Repeat the listing exactly. Any picture in it should be left out of the copy.

** DATA SECTION **
+++++
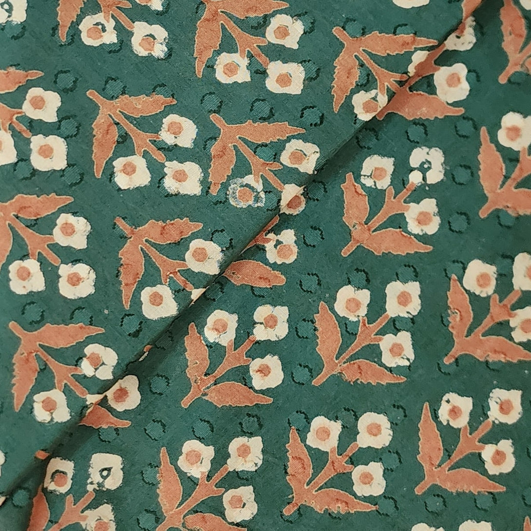 ( Pre-Cut 1.50 Meter ) Pure Cotton Teal Discharge With Cream Orange Grass Flowers Hand Block Print Fabric
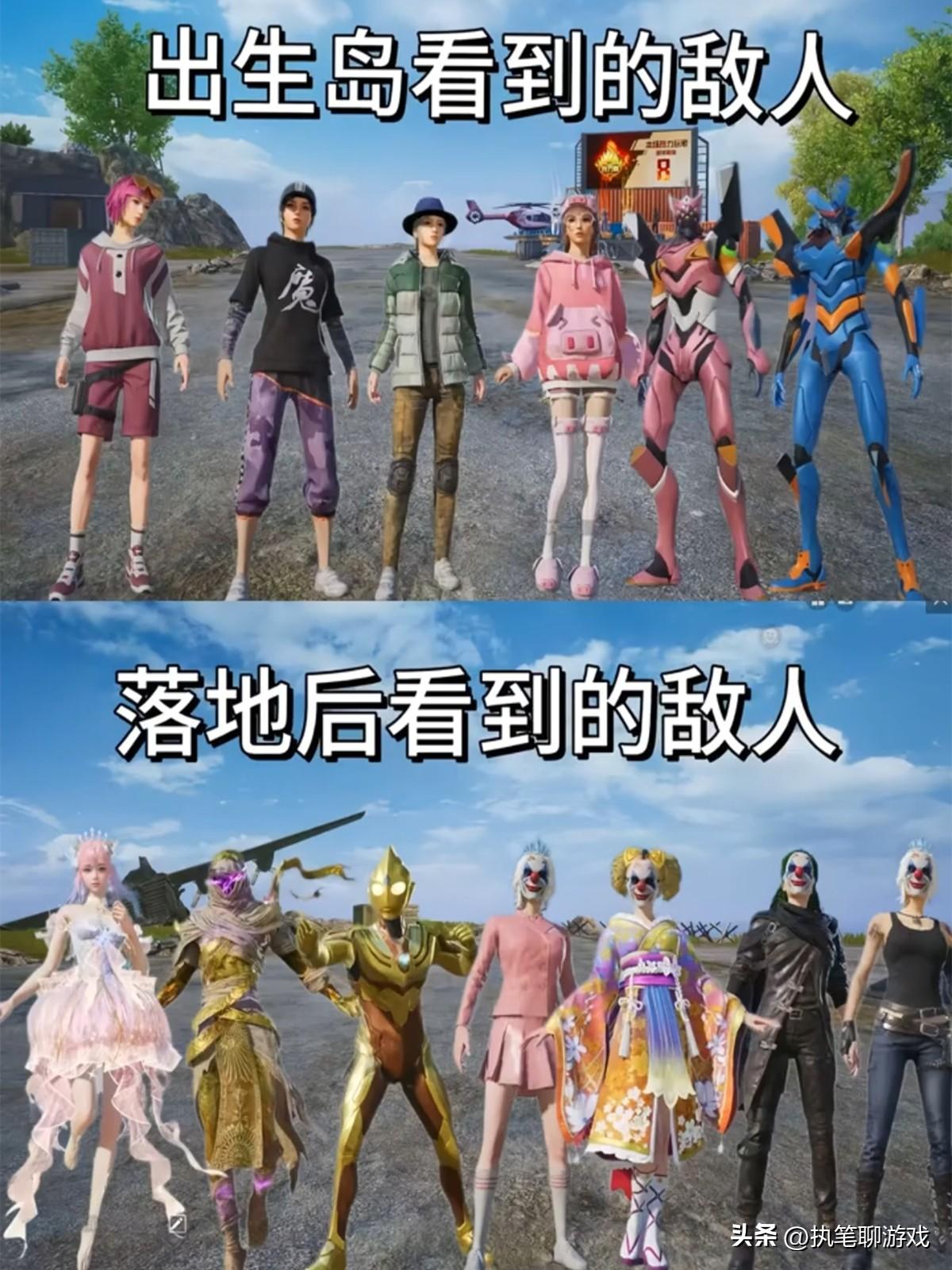 爲什麼出生島看到的敵人和落地後的敵人不一樣呢?其實這也算是和平的一大特色設定,60秒出生島一個紅裝都看不到,開局進入後半場經常能遇到。
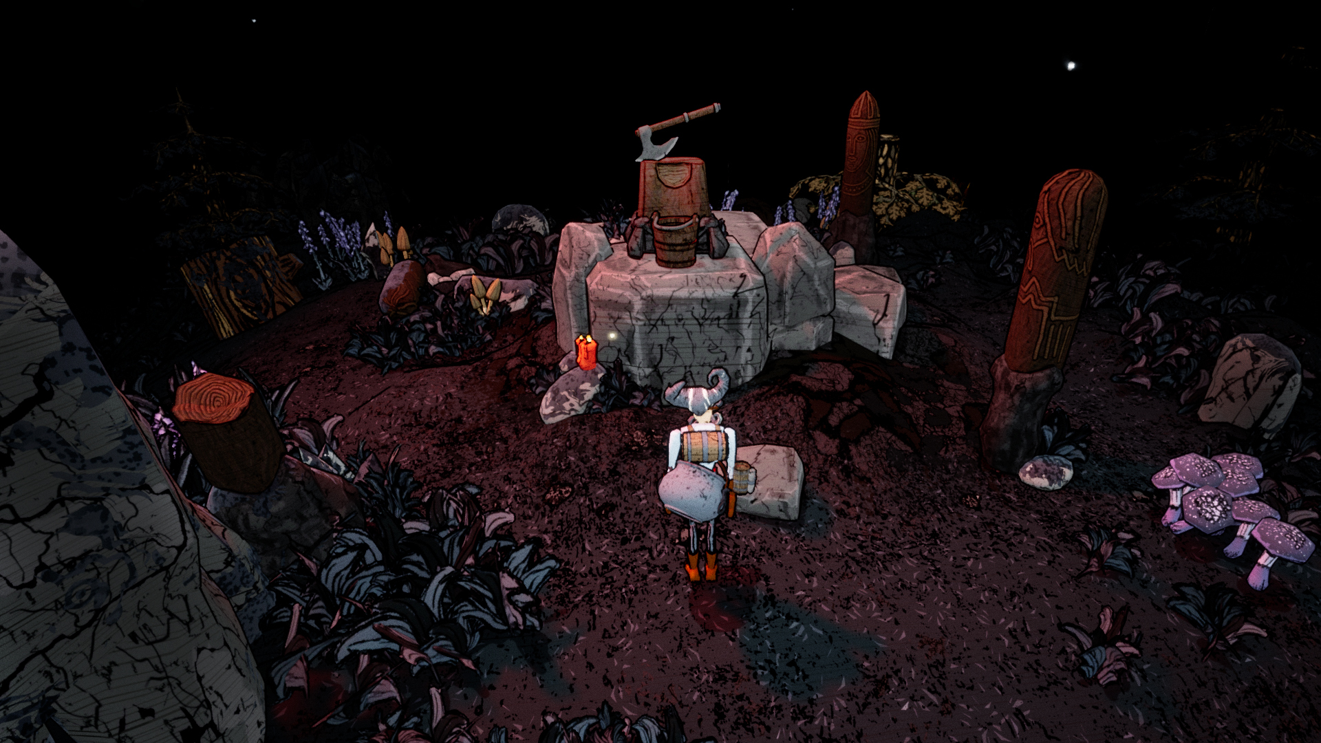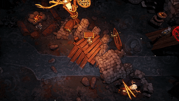 This video is an introduction to haunted places, but I'll briefly explain them again. Ritual places and possession are predominant themes in the story of BattleJuice Alchemist and now they become even more relevant mechanics-wise. In the picture above you see our very first haunted place, the Chopping Block. You solve a small riddle to activate it and then fight the possessed site itself. It is able to do a multitude of attacks like spawning minions, AOE damage, debuffs and so on.
+++++
** COMPLETED TASK **
 ( Pre-Cut 1.50 Meter ) Pure Cotton Teal Discharge With Cream Orange Grass Flowers Hand Block Print Fabric
 爲什麼出生島看到的敵人和落地後的敵人不一樣呢?其實這也算是和平的一大特色設定,60秒出生島一個紅裝都看不到,開局進入後半場經常能遇到。
 This video is an introduction to haunted places, but I'll briefly explain them again. Ritual places and possession are predominant themes in the story of BattleJuice Alchemist and now they become even more relevant mechanics-wise. In the picture above you see our very first haunted place, the Chopping Block. You solve a small riddle to activate it and then fight the possessed site itself. It is able to do a multitude of attacks like spawning minions, AOE damage, debuffs and so on.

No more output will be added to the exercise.